WHAT TO WORK ON:
What's needed is an exact copy of the lines from the one that contains "ThisBirkin is of" to the end of the data below, leaving the pictures out.

Collected data entries:
|---|

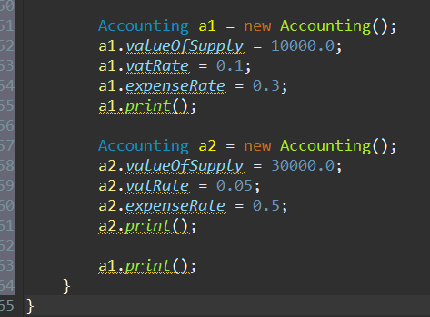 a1이라는 이름을 붙여 변수 a1의 값으로는 반드시 Accounting의 복제본만 들어올 수 있다는 뜻으로 코드를 작성하고 a1에 공급가, 세율, 비용값을 넣어주고 또다른 복제본 a2를 만들어 마찬가지로 입력시켜준다.
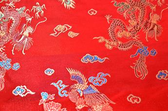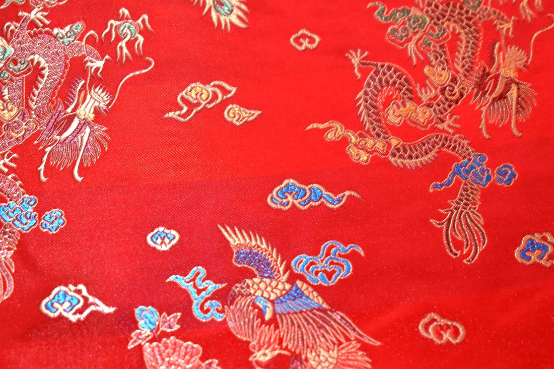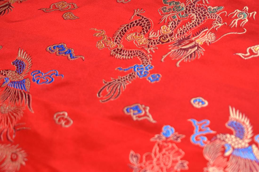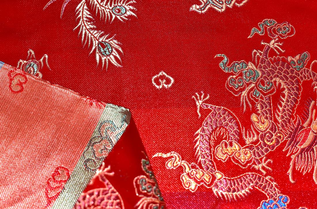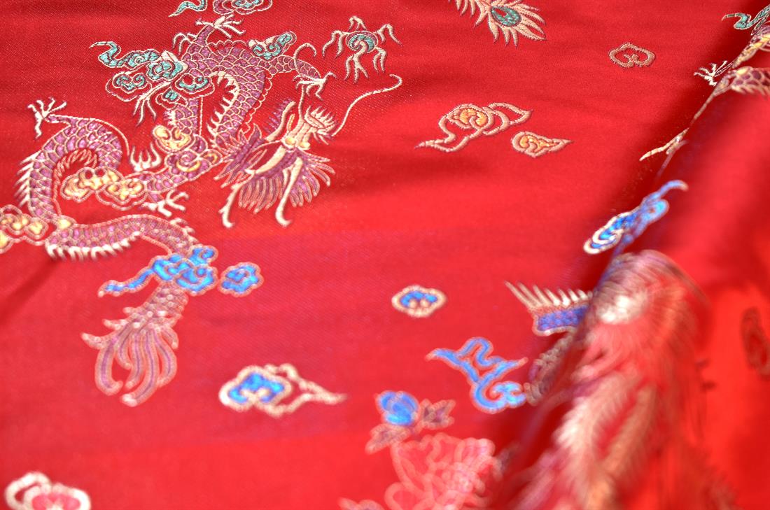 Chinese Brocade Fabric Beautiful 100% polyester Chinese Brocade Fabric with a Dragon design .
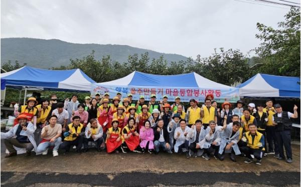 (사)울주군자원봉사센터 울주군 전문자원봉사단협의회(회장 임종태) 소속 12개 단체가 16일 울주군 범서읍 지지회관에서 주민 편의 증진을 위한 마을통합 자원봉사활동을 실시했다.
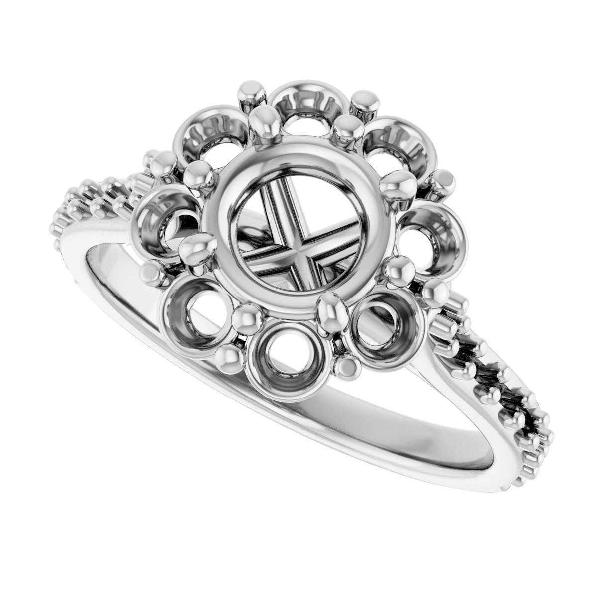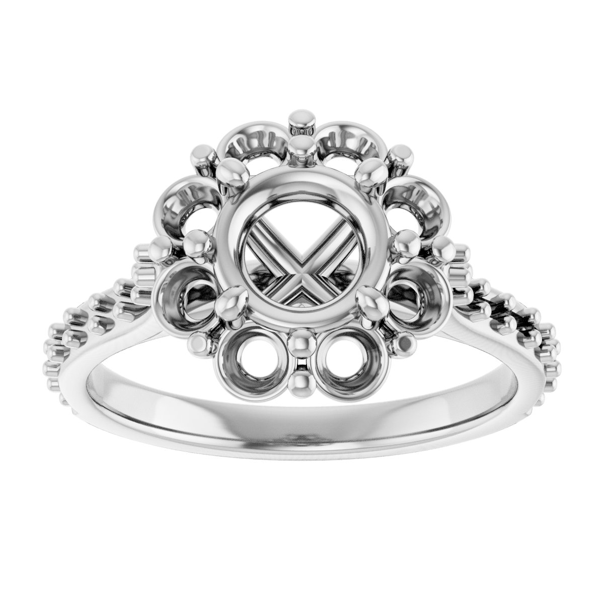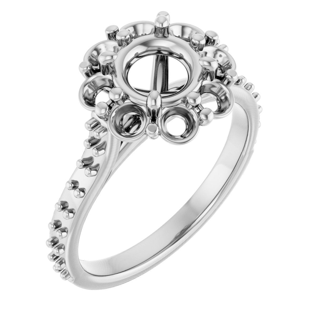 Engagement Ring / 18K White / Polished / Halo-Style Engagement Ring Mounting
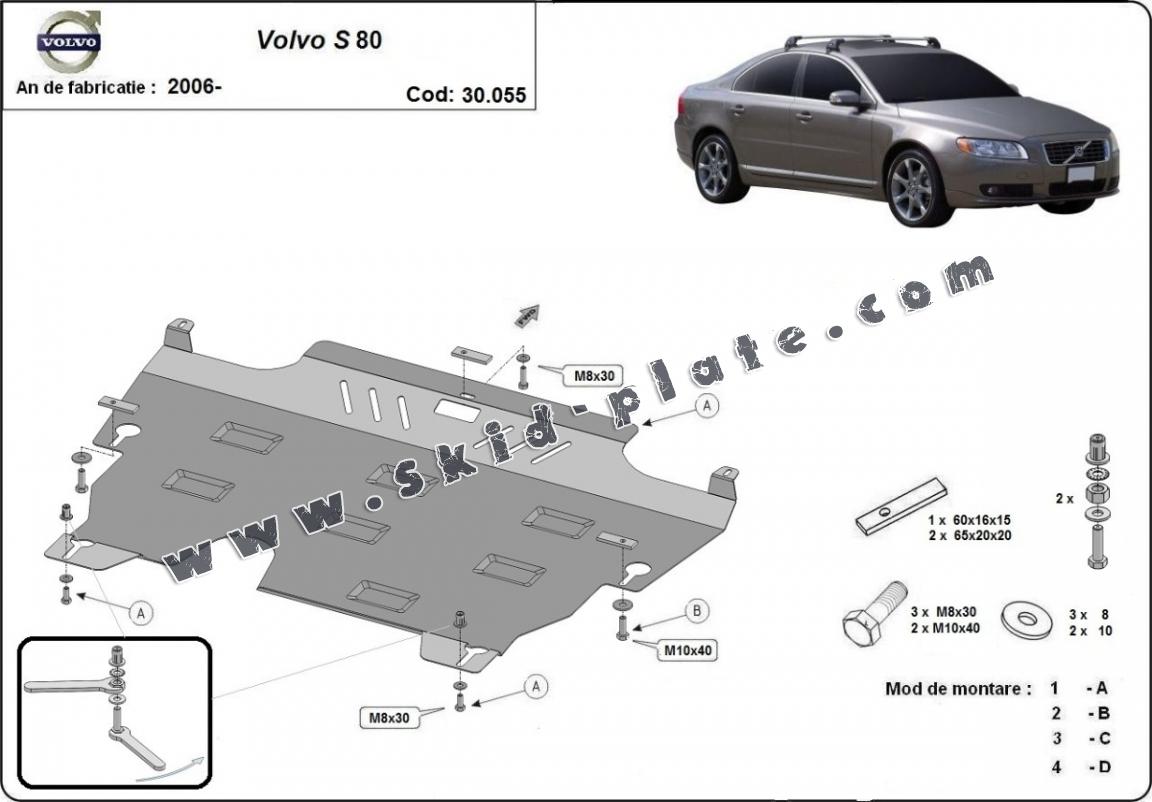 Steel skid plate for the protection of the engine and the gearbox for Volvo S80
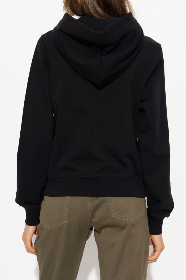 Black ‘F-REGGY’ sweatshirt with a drawcord-adjustable hood from Diesel. Crafted from cotton jersey, this style features a colourful butterfly print accompanied with yellow logo embroidery on the front and ribbing on the bottom hem and cuffs.
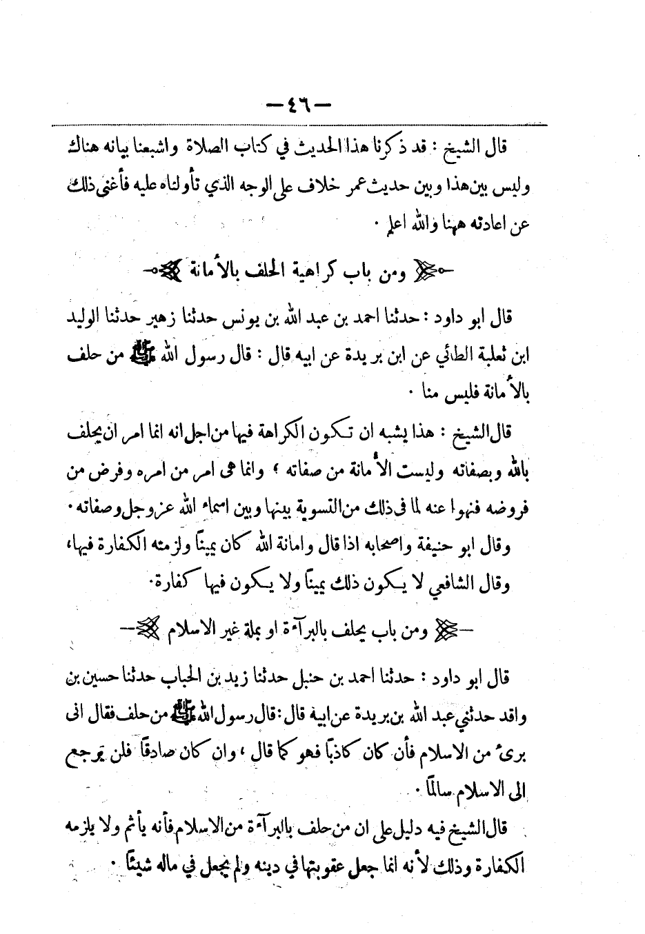 قال أبو داود: حدثنا أحمد بن عبد الله بن يونس حدثنا زهير حدثنا الوليد بن ثعلبة الطائي عن ابن بريدة عن أبيه قال: قال رسول الله صلى الله عليه وسلم: من حلف بالأمانة فليس منا.
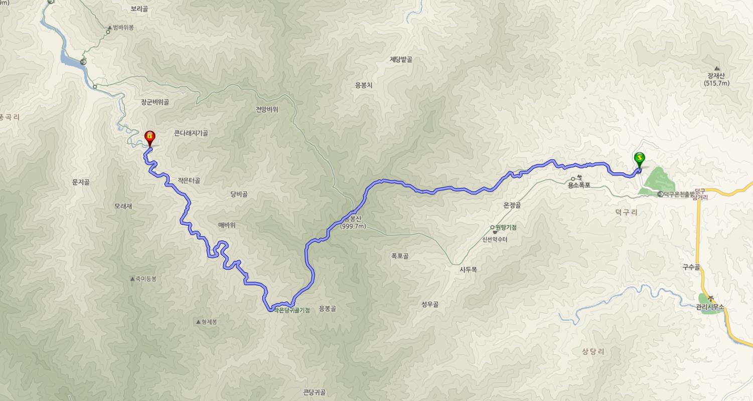 작은당귀골로 하산하여 장장 17Km의 응봉산과 덕풍계곡을 10시간반 동안 징하게 걸었다.
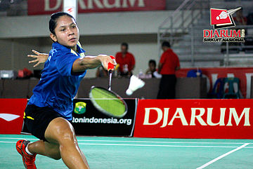 Ganis Nurrahmandani (Pertamina Indonesia) mengembalikan shuttlecock ke arah Novalia Agustianti (Tangkas Specs).
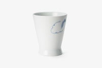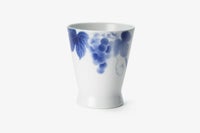 ぶどうの意匠は、古今東西を問わず吉祥紋様です。「用の美」 を追求した現代的な形姿に、100年前の下絵技法 「エアログラフ」によるブルーのグラデーションが真白な肌に染め込まれ、現代のブルー&ホワイトとして再現されています。白の間に、調子を取る様に伸びる 「つる」を手描きで入れているのも、一つ一つの表情の違いが器に温かで気韻ある印象を与える為です。熟練した職人の手技による現代のブルー&ホワイトには、明治期以来頑なに変わる事なく伝承してきた工芸品としての魅力が備わっています。
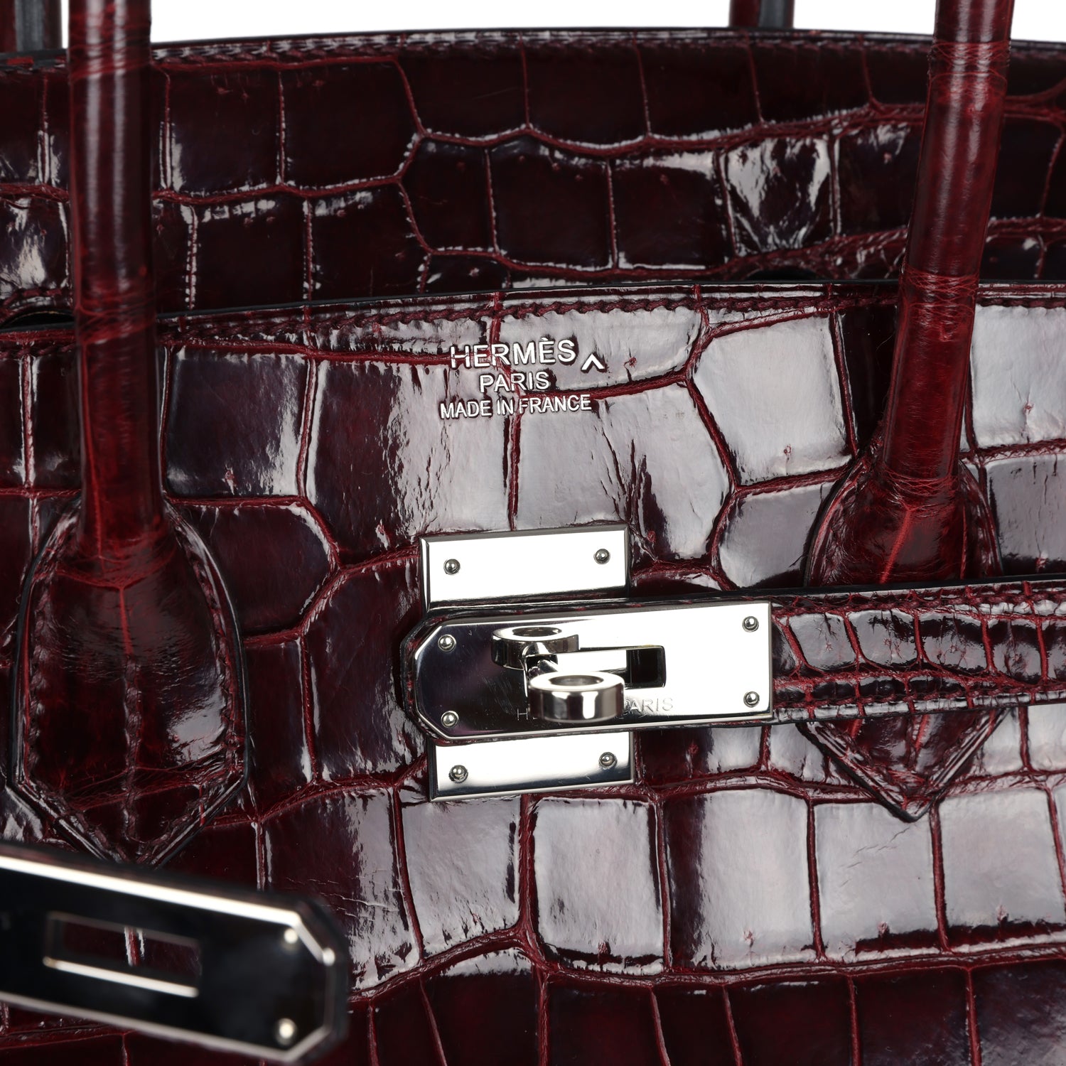 ThisBirkin is of Bordeaux Shiny Porosus Crocodile leather with palladium hardware and features tonal stitching, front flap, two straps with center toggle closure, clochette with lock and two keys, and double rolled handles.
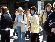 来自欧洲的法轮功学员在纽约街头洪法讲真象在42-57街我们和其他国家的学员上周被分置在曼哈顿42街,一位来自英国曼彻斯特50多岁的女学员说:我的第一印象最深的就是,人们看到反酷刑模拟展时都张着嘴,呈震惊状。
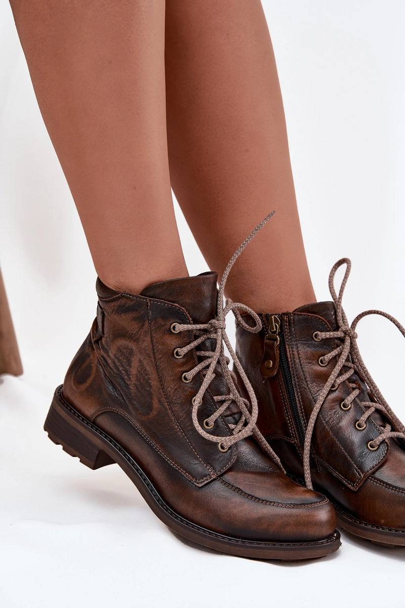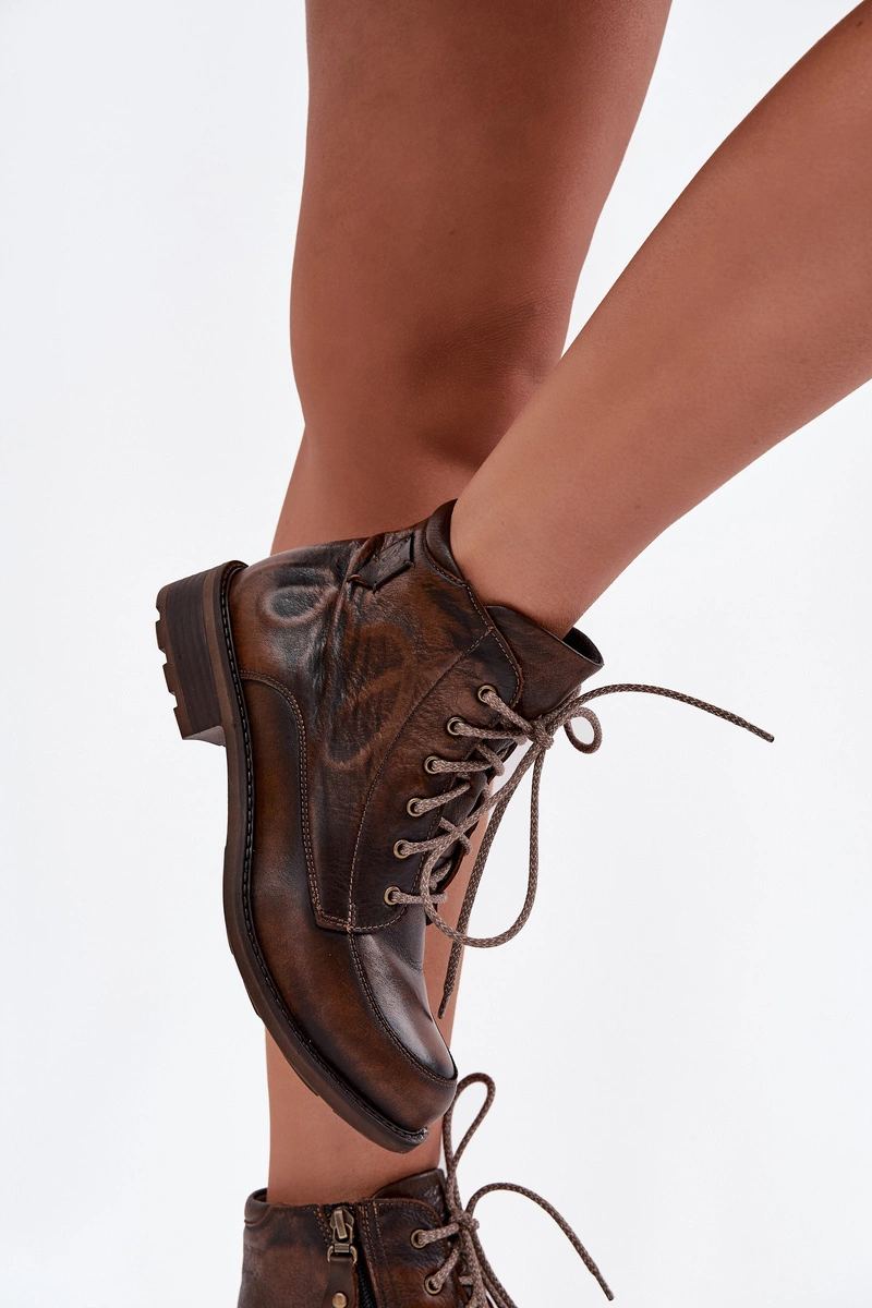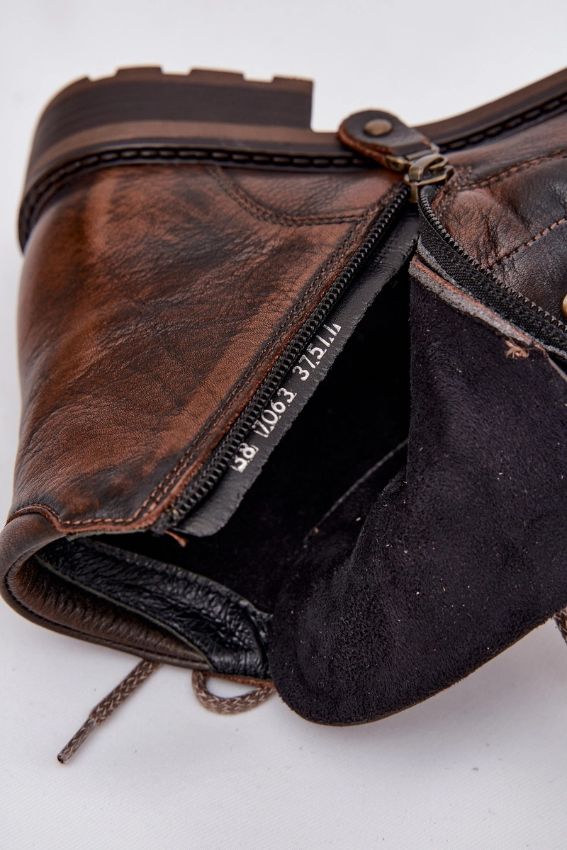 Botki Damskie Z Naturalnej Skóry Na Płaskim Obcasie Maciejka 07063-02 Brązowe

|---|

PROBLEM SOLUTION:
 ThisBirkin is of Bordeaux Shiny Porosus Crocodile leather with palladium hardware and features tonal stitching, front flap, two straps with center toggle closure, clochette with lock and two keys, and double rolled handles.
 来自欧洲的法轮功学员在纽约街头洪法讲真象在42-57街我们和其他国家的学员上周被分置在曼哈顿42街,一位来自英国曼彻斯特50多岁的女学员说:我的第一印象最深的就是,人们看到反酷刑模拟展时都张着嘴,呈震惊状。
 Botki Damskie Z Naturalnej Skóry Na Płaskim Obcasie Maciejka 07063-02 Brązowe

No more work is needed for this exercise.